● **Exercise details**:
Your copy runs from the line containing "- 기존에는 Authorization" through the last line of the listing, both included. Restate those lines word for word and leave out pictures.

● **Information provided**:
^^^^

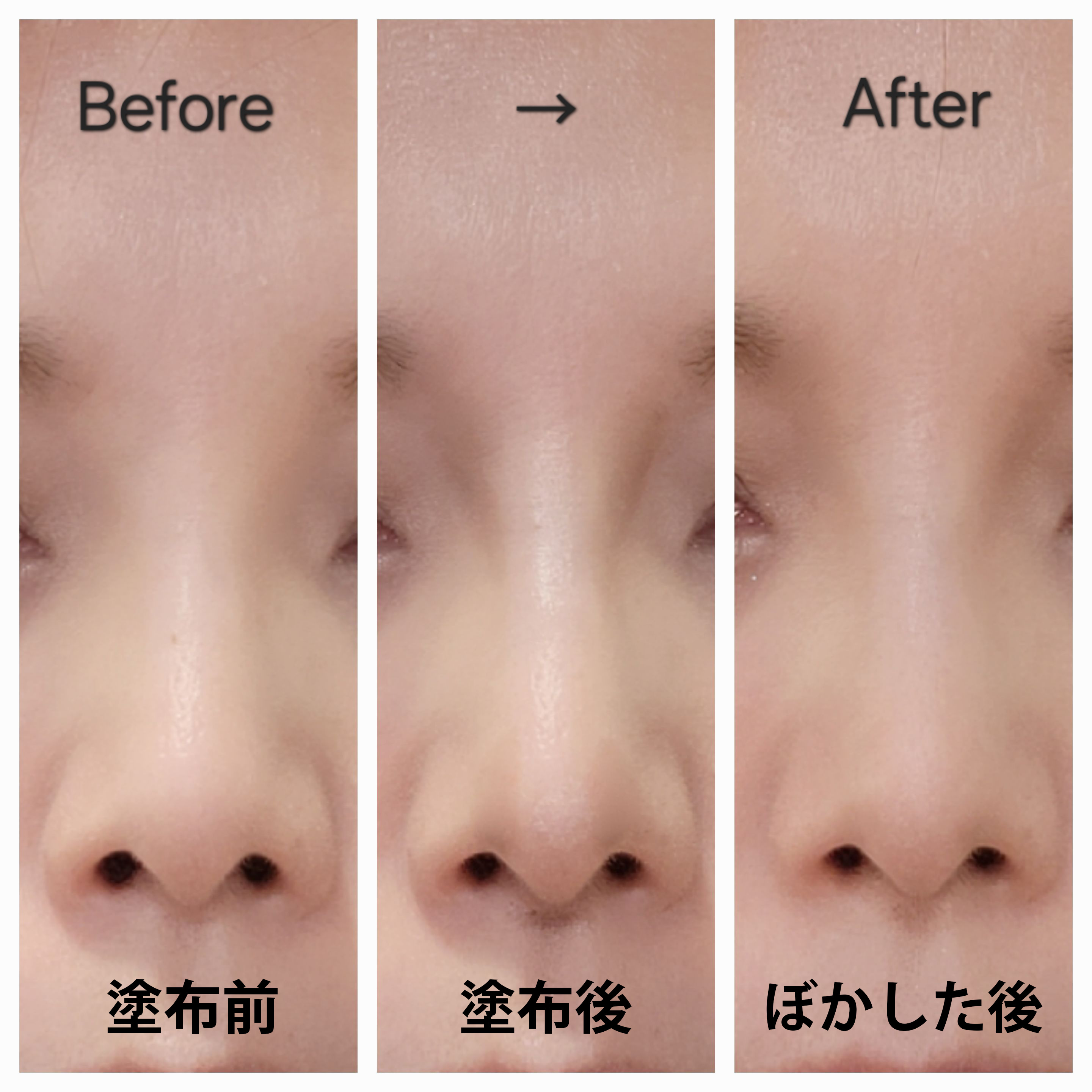 鼻頭の先・小鼻・人中といった細かいパーツにもピンポイントで塗りやすいほか、生え際といった広めの範囲にも自然な影を作れます。
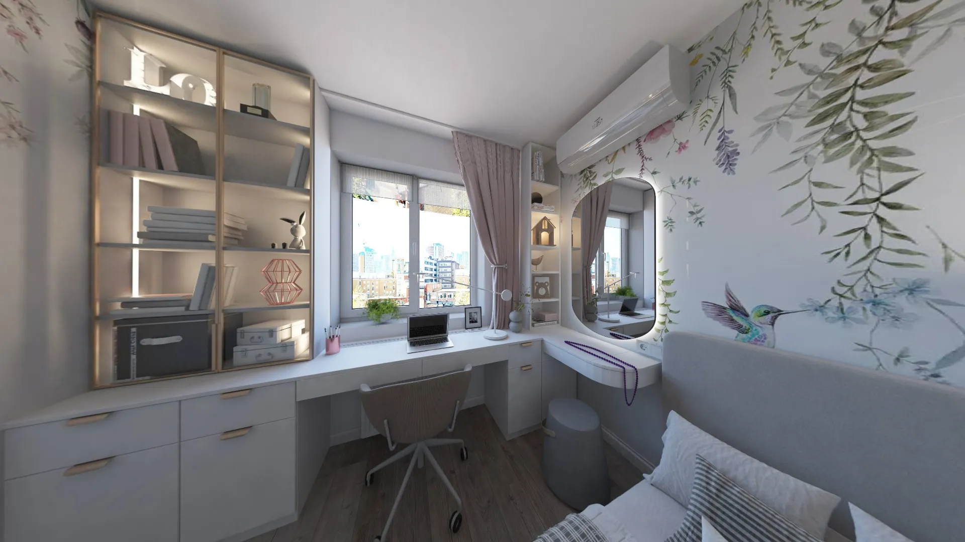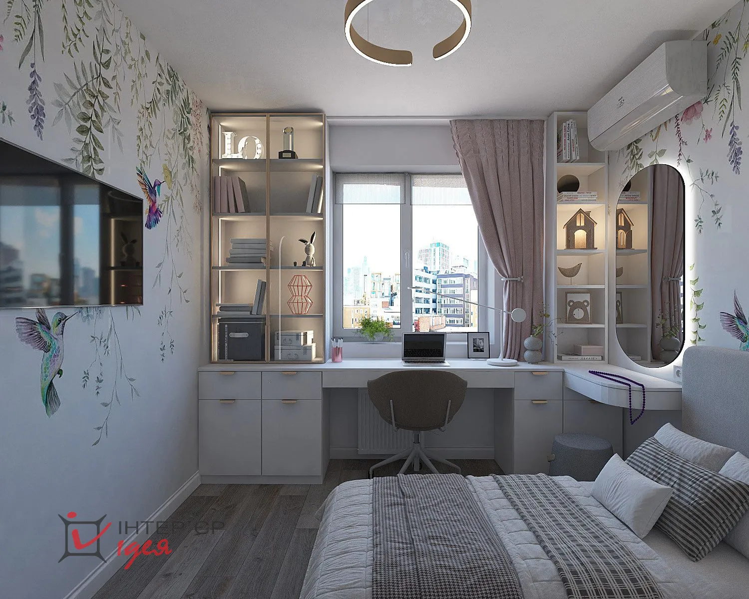 Основным оттенком выбран белый, который расширяет пространство и наполняет его светом. Акцентом стали обои с цветами и птицами — они вносят в интерьер деликатные краски и создают настроение лёгкости.
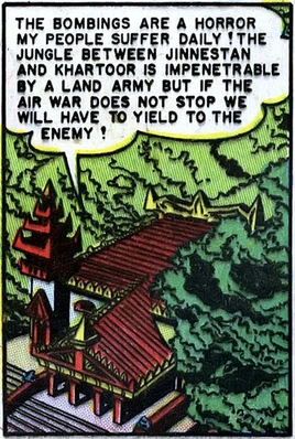 Khartoor was located "not far from the Blackhawk Island base". In the post-World War II era, the tiny nation was still a traditional monarchy, and in 1951 a new king inherited the throne. At this time, the country was under attack by neighboring Jinnestan, a recently-converted Soviet satellite nation. Jinnestani bombers air-raided at will, targeting Khartoori civilians. An impenetrable jungle between the two nations precluded a land invasion, but the air raids were devastating. The new king of Khartoor, son of an old friend of the famous Blackhawk Squadron, called on them for help, and they soon arrived. After great difficulties, the Blackhawks overcame the ruler of Jinnestan, captured her alive, and restored Jinnestan's former ruler, who ordered his military to stand down.
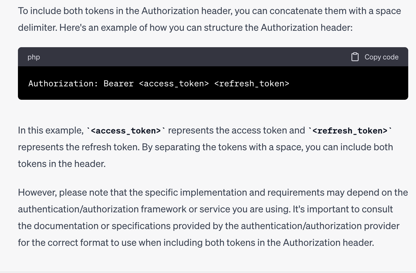 - 기존에는 Authorization header type에 Bearer를 사용하려고 하였으나, access token과 refresh token 값을 모두 담아야 하므로, Bearer type 하나로는 부족하다는 생각이 들었다.
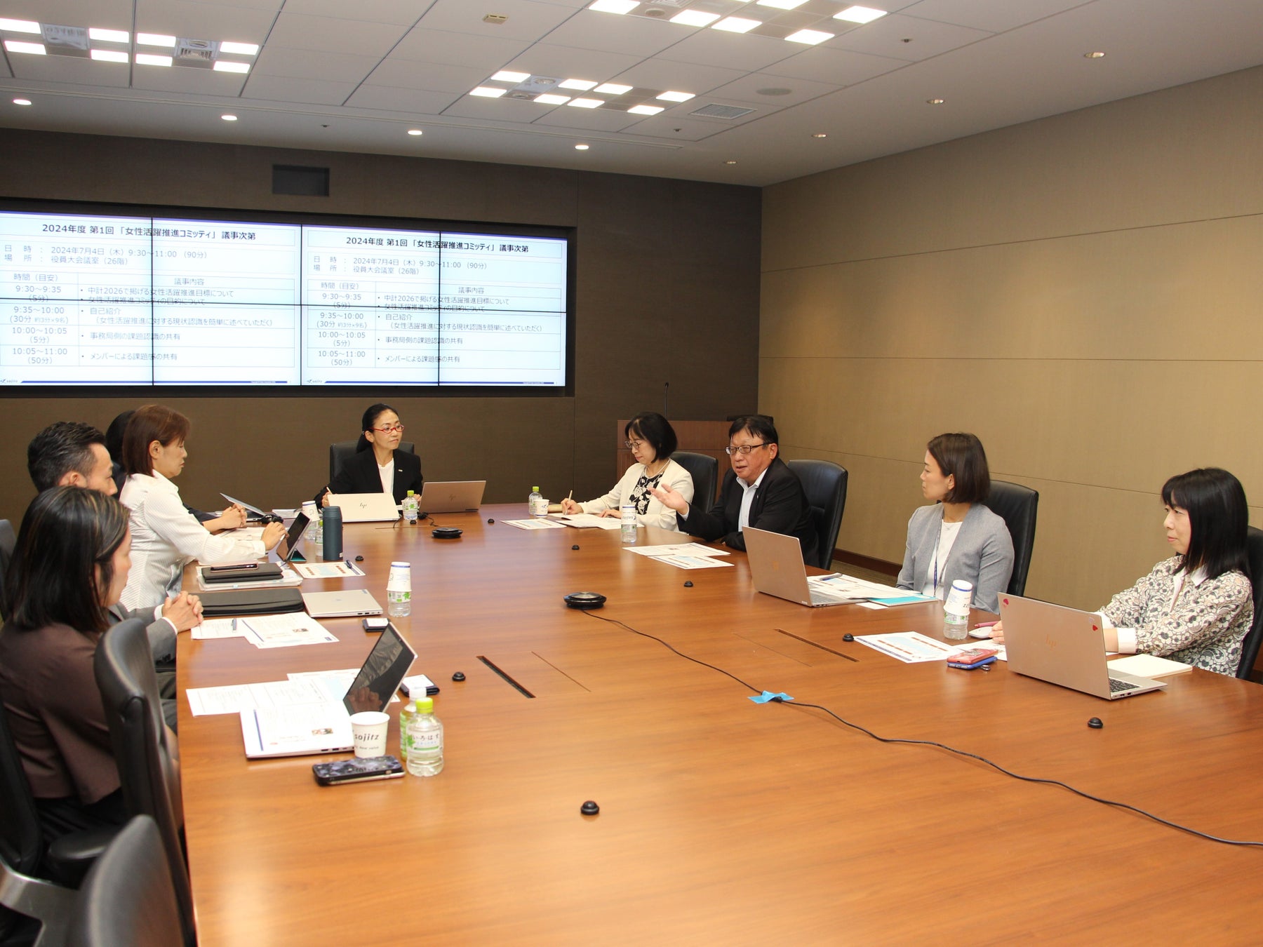 2024年度の新たな取り組みとしては、6月に総合商社初(※1)の女性社内取締役を選任しました。女性取締役比率は36%、執行役員を含む女性役員比率は18%です。7月には、人材パイプライン強化のための施策立案と実行に取り組む「女性活躍推進コミッティ」を創設しました。役員、管理職、社員、有識者など異なる立場のメンバーが年6回の会議を通じて、「ワークとライフの両立の難しさ」などの女性活躍を巡る課題や施策を多角的に議論し、取締役会や経営会議への報告を行い、女性社員の挑戦やキャリア形成の支援に取り組んでいます。
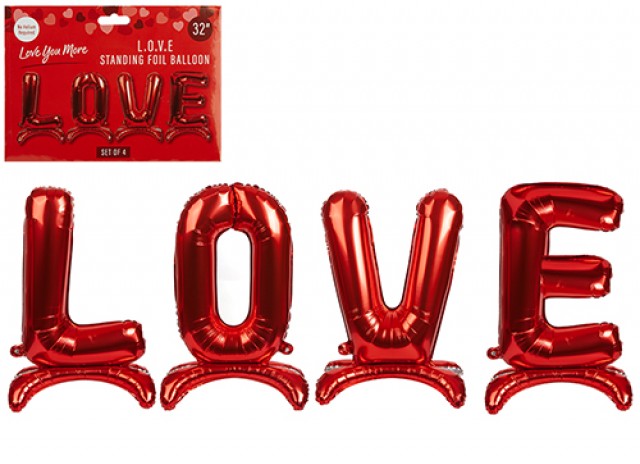 Create a stunning romantic display with the Love You More Set of 4 32" LOVE Standing Balloons. Easy to inflate and freestanding, these bold letter balloons are perfect for Valentine's Day, weddings, and events. A high-impact decor piece ideal for party ranges, gift shops, and seasonal promotions.
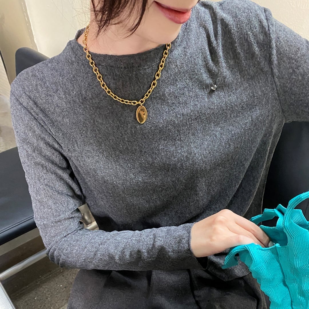 すっきりとしたシルエットと柔らかな風合いが魅力の、ベーシックインナーニット。

^^^^

● **Finished exercise**:
 - 기존에는 Authorization header type에 Bearer를 사용하려고 하였으나, access token과 refresh token 값을 모두 담아야 하므로, Bearer type 하나로는 부족하다는 생각이 들었다.
 2024年度の新たな取り組みとしては、6月に総合商社初(※1)の女性社内取締役を選任しました。女性取締役比率は36%、執行役員を含む女性役員比率は18%です。7月には、人材パイプライン強化のための施策立案と実行に取り組む「女性活躍推進コミッティ」を創設しました。役員、管理職、社員、有識者など異なる立場のメンバーが年6回の会議を通じて、「ワークとライフの両立の難しさ」などの女性活躍を巡る課題や施策を多角的に議論し、取締役会や経営会議への報告を行い、女性社員の挑戦やキャリア形成の支援に取り組んでいます。
 Create a stunning romantic display with the Love You More Set of 4 32" LOVE Standing Balloons. Easy to inflate and freestanding, these bold letter balloons are perfect for Valentine's Day, weddings, and events. A high-impact decor piece ideal for party ranges, gift shops, and seasonal promotions.
 すっきりとしたシルエットと柔らかな風合いが魅力の、ベーシックインナーニット。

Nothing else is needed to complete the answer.